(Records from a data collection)
####################

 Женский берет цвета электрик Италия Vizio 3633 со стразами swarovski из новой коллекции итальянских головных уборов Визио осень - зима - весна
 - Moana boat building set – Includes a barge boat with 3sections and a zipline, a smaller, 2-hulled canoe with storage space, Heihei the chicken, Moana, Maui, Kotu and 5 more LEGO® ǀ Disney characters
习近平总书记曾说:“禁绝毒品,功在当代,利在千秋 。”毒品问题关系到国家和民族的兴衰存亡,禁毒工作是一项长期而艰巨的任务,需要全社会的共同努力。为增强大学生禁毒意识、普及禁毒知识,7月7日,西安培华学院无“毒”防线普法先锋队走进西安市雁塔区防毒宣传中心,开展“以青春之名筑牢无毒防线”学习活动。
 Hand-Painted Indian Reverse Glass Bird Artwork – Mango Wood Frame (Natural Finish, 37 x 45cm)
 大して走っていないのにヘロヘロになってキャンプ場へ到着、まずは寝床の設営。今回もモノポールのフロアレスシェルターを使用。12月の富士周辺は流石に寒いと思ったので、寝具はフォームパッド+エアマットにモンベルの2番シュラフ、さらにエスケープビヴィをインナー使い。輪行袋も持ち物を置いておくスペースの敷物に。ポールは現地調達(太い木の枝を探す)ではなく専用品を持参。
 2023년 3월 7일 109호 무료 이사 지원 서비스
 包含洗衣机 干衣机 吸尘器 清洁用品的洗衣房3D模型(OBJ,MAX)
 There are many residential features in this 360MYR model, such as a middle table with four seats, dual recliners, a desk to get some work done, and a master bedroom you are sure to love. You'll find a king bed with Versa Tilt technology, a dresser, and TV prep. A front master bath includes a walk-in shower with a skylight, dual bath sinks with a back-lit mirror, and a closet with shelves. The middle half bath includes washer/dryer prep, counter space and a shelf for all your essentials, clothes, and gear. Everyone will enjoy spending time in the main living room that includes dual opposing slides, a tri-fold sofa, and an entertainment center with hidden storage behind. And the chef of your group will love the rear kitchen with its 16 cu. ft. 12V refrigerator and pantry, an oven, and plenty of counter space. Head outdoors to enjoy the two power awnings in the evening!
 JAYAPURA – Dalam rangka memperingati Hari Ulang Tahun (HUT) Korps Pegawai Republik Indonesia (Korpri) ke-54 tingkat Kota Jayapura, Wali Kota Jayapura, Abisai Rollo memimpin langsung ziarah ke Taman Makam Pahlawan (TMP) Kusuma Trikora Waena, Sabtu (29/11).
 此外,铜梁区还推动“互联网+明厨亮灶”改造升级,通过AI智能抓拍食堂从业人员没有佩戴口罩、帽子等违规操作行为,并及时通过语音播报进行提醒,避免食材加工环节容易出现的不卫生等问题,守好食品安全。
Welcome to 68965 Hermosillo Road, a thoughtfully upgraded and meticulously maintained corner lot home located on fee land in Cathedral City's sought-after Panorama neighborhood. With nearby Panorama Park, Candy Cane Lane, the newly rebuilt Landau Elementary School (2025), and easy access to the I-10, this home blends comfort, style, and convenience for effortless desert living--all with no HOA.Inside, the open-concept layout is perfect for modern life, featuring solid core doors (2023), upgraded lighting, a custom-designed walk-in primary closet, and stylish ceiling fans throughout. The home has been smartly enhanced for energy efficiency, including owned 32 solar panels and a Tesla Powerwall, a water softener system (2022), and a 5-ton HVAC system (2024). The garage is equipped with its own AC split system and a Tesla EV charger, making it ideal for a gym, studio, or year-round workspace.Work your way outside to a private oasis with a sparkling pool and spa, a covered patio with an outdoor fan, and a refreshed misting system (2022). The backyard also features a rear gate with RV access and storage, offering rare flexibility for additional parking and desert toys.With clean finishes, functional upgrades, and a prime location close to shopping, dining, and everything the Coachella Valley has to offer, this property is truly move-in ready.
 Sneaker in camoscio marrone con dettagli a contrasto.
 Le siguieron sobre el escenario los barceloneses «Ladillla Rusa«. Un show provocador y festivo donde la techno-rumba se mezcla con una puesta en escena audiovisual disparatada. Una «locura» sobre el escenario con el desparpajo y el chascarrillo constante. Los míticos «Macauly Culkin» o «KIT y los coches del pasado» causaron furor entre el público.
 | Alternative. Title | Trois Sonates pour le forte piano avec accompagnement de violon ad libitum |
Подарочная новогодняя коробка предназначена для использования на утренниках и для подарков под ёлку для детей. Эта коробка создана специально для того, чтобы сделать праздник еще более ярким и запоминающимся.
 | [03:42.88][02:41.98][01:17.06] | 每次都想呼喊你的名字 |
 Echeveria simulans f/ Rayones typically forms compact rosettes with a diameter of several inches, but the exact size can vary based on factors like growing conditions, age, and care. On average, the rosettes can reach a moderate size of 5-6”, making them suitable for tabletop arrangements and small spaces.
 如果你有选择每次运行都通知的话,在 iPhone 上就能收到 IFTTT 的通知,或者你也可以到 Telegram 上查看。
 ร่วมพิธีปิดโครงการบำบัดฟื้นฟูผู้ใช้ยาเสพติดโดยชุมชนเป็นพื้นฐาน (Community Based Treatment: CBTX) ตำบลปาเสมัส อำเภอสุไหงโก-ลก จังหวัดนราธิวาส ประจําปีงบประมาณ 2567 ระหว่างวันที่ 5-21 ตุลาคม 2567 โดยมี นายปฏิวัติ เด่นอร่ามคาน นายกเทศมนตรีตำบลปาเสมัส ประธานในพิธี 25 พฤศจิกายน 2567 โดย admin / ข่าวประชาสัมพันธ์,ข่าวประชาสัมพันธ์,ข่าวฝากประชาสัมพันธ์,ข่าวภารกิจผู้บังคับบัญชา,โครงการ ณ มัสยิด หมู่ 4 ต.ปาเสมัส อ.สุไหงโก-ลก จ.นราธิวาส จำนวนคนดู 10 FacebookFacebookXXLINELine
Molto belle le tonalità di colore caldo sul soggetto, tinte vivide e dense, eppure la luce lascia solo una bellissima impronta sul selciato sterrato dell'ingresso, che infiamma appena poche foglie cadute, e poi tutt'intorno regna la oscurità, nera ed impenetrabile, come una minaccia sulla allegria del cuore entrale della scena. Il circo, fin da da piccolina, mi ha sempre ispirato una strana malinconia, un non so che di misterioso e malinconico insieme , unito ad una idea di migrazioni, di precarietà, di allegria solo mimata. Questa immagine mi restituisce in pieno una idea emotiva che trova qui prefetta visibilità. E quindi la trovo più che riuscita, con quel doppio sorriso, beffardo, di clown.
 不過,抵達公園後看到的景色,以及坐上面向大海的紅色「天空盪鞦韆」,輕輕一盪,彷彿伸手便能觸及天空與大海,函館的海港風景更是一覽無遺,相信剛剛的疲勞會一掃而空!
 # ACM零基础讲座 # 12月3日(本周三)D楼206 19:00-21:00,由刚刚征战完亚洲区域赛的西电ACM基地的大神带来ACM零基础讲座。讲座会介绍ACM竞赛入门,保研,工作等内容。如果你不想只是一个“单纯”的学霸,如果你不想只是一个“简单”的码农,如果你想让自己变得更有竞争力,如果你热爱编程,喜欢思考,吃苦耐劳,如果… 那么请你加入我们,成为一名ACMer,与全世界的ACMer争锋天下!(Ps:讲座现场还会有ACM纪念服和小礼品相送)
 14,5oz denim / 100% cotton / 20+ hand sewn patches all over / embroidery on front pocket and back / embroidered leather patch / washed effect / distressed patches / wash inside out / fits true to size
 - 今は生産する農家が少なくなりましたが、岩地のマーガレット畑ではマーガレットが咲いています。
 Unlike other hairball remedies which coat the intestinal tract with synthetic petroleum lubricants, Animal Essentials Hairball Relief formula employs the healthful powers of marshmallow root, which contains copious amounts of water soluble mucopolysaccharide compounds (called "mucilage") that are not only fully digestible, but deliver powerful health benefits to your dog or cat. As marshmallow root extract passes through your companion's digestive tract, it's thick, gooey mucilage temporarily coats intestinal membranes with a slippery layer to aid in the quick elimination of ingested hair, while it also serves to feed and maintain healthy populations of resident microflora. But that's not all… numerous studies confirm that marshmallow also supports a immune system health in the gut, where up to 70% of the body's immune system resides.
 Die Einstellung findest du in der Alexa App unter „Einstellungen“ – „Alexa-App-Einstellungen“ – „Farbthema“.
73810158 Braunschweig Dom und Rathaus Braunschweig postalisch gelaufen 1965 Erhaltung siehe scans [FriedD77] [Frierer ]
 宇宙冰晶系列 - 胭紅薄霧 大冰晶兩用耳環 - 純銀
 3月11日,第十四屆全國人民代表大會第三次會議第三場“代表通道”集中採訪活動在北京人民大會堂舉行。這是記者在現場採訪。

####################

ASSIGNMENT>
Above are the records; print exactly the lines from the line with "- 今は生産する農家が少なく" to the line with "Die Einstellung findest", including both, and nothing else.

SOLUTION>
 - 今は生産する農家が少なくなりましたが、岩地のマーガレット畑ではマーガレットが咲いています。
 Unlike other hairball remedies which coat the intestinal tract with synthetic petroleum lubricants, Animal Essentials Hairball Relief formula employs the healthful powers of marshmallow root, which contains copious amounts of water soluble mucopolysaccharide compounds (called "mucilage") that are not only fully digestible, but deliver powerful health benefits to your dog or cat. As marshmallow root extract passes through your companion's digestive tract, it's thick, gooey mucilage temporarily coats intestinal membranes with a slippery layer to aid in the quick elimination of ingested hair, while it also serves to feed and maintain healthy populations of resident microflora. But that's not all… numerous studies confirm that marshmallow also supports a immune system health in the gut, where up to 70% of the body's immune system resides.
 Die Einstellung findest du in der Alexa App unter „Einstellungen“ – „Alexa-App-Einstellungen“ – „Farbthema“.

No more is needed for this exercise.